The Benefits of Curriculum
Professor Tyson LaRone
Brazilian Jiu-Jitsu is rooted in Matsuo Maeda’s teachings of Judo, which is why in its early development it ended up borrowing many traditions from the Kodokan, including the implementation of structured curriculum at most of its schools. However, as the style became more widespread in Brazil and especially when it was brought overseas, many schools began to reform the techniques that were taught and some decided to do away with curriculum altogether. Plenty of schools are very successful and produce high quality students with or without it, but I personally believe that curriculum can be useful for several reasons:
- Guidance – Having a clear expectation of the techniques and knowledge at each belt level provides direction for students, especially those who want to go above and beyond classes and do extra training on their own.
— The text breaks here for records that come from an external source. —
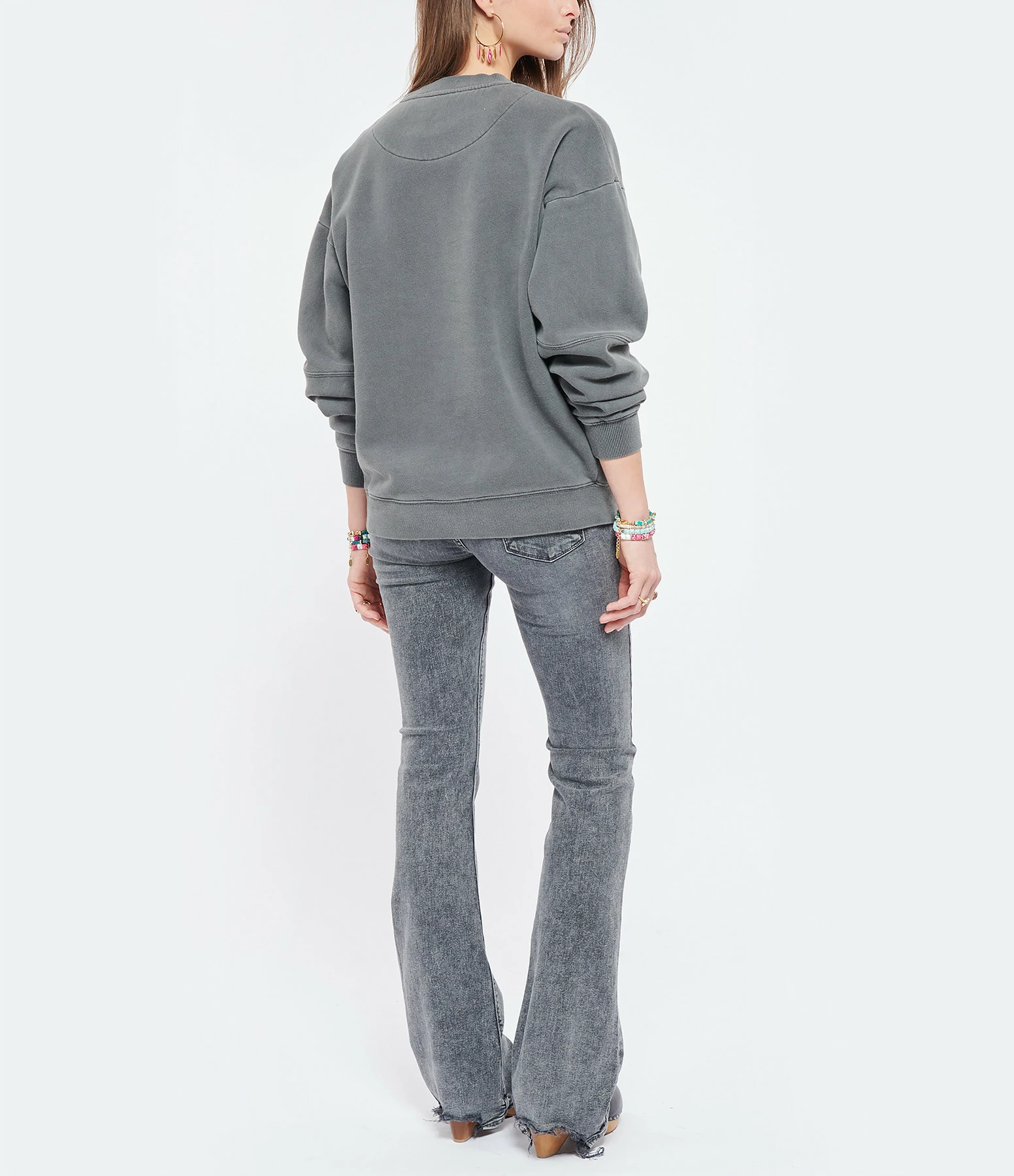 Sweatshirt oversize en coton gris sérigraphie “1970” doré. Trois badges décoratifs côté cœur. Col rond. Manches longues. Fini délavé aspect vintage. Base droite et coupe très ample. Non doublé.
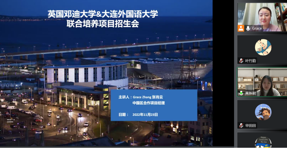 為了使同學進一步了解合作院校國際交流項目,合理安排學業(yè)規(guī)劃,英語學院于11月23日邀請英國鄧迪大學中國區(qū)項目負責人張肖云女士進行了留學項目線上宣講會。本次宣講會由學院留學工作外事秘書黃新智老師主持,對留學項目感興趣的本科生和研究生參加了此次宣講會。
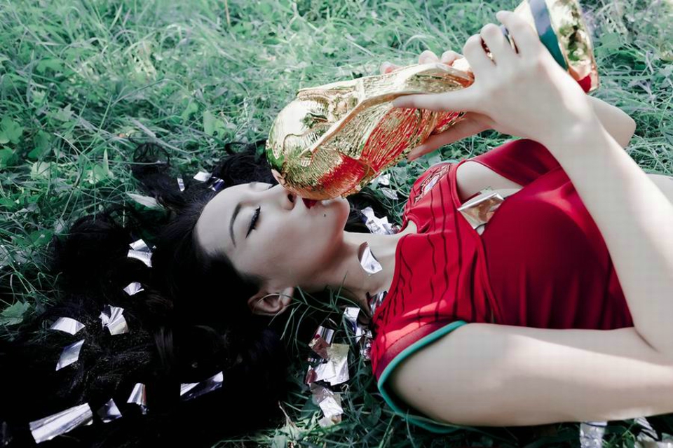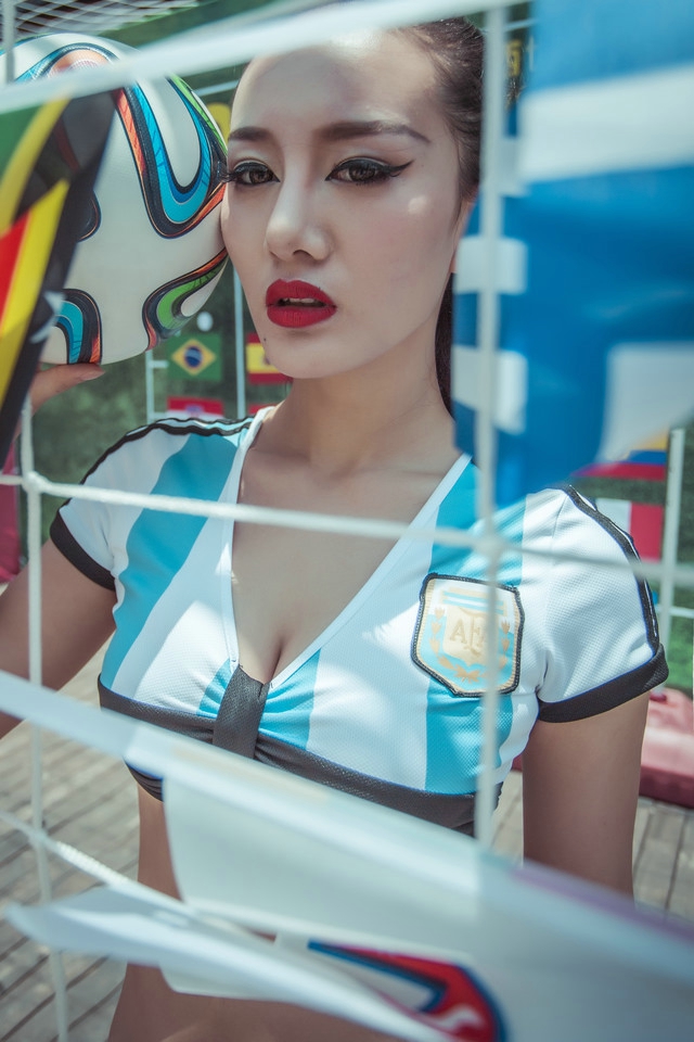 球场魅惑酥胸半露性感诱惑足球宝贝火辣强悍写真

If the instructor isn’t around, the curriculum can provide suggestions for what would be most productive to work on.
- Well-Roundedness – Rolling is an important part of training, but sometimes a student can develop a particular game that funnels opponents through a certain range of positions and whether they win or lose they rarely end up in certain situations. As a result they can develop holes that aren’t immediately apparent, sometimes even until higher belt levels. If a student is graded based on well-rounded curriculum, it ensures that they’ll have at least a basic answer for attacks and defenses in all major positions.
- Consistency – With the basics of jiu-jitsu being taught similarly, it makes it much easier for instructors and students to cross-train at other schools within their affiliation. It also means that using the same frame of reference, instructors can be creative and work together on complex solutions and competition strategies while keeping their foundation solid.